After we hung ’em

Twelve immediate reflections on the coalition.

1. David Cameron is the adroit driver of the coalition. He proposed an offer that the weakened Lib Dems couldn't refuse. His own strategy is to replace Tory nationalism with a 21st-century version of One-Nation "Whig" Conservatism, one that can appeal to urban and suburban multicultural Britain. (See my article "The end of Thatcherism" at OurKingdom.) Don't blame Nick; Labour wasn't interested in changing.

2. Nick Clegg's speech today confirms his commitment to the "modern liberty" agenda of rolling back the intrusive, database state. It is a tremendously positive outcome of the coalition agreement and a framework of principle that helps bind it together. Tragically, Labour were positive enemies of progress in this respect and don't understand what has hit them. Just because the BBC refuses to cover an issue doesn't mean it is not important.

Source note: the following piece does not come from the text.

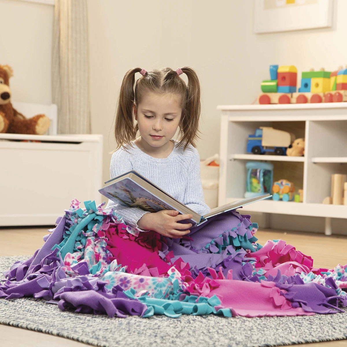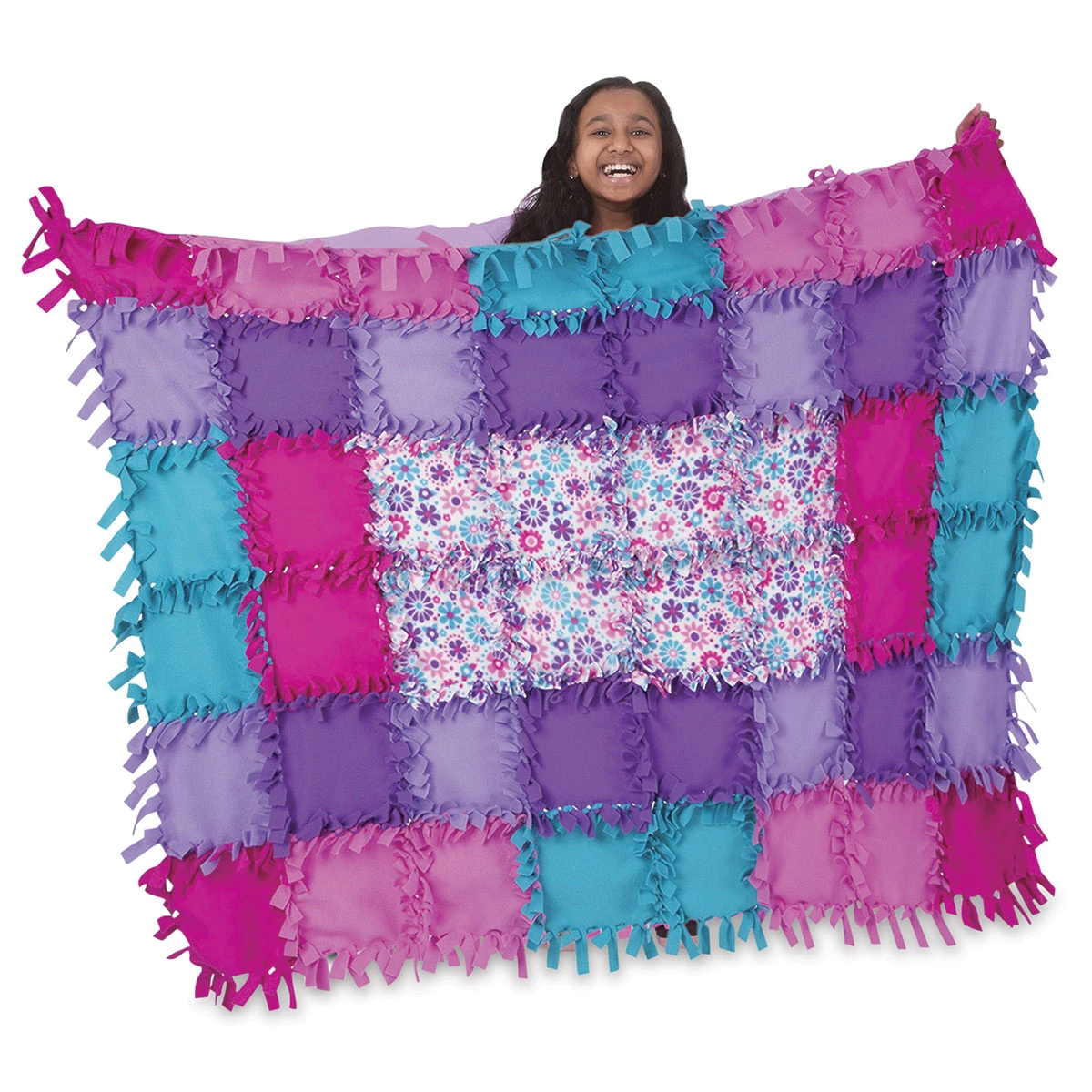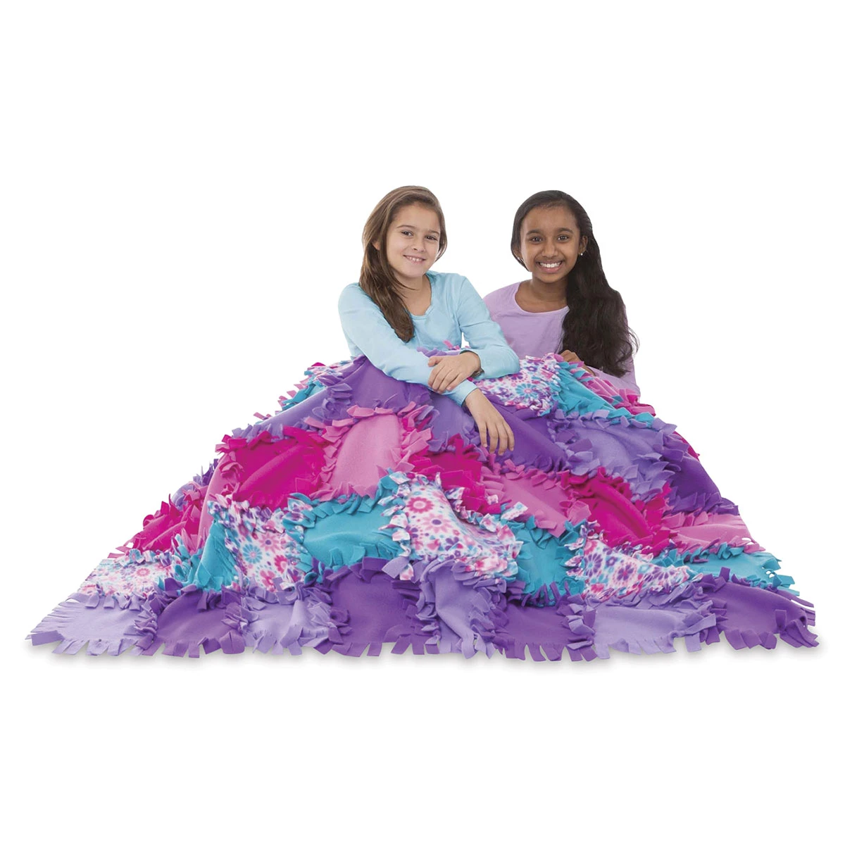 Craft a cozy quilt with this easy, no-sew technique! The Melissa & Doug Created by Me Flower Fleece Quilt includes 48, 12″ x 12″ super thick, soft fleece pieces with fringe to tie together and create an extra-large, colorful blanket.

3. But the coalition smacks of an attempt to create a new establishment (male, public school, enlightened) to replace the turpitude of New Labour's political class. While it is wonderful on liberty, noises about appointing swarms of new lords suggest an underlying attempt to preserve the old order. The expenses scandal isn't over yet.

4. The Tory aim is to win the next election outright. The Lib Dems need a strategy that will leave them stronger not weaker when they leave the coalition. If, as he told James Macintyre, Nick Clegg wants to be prime minister, he has to be better at playing chess than David Cameron.

5. The Tories will be stupid to tell voters we can decide on our electoral system and then refuse to permit us the choice of a significantly different one. They can't "restore trust" by spending millions on a referendum designed not to trust us. The Lib Dems will be hammered, too, if they go along with this. A proportional choice should be included in the referendum. Liberty can only be safeguarded by democracy but democracy is the coalition's political fault line.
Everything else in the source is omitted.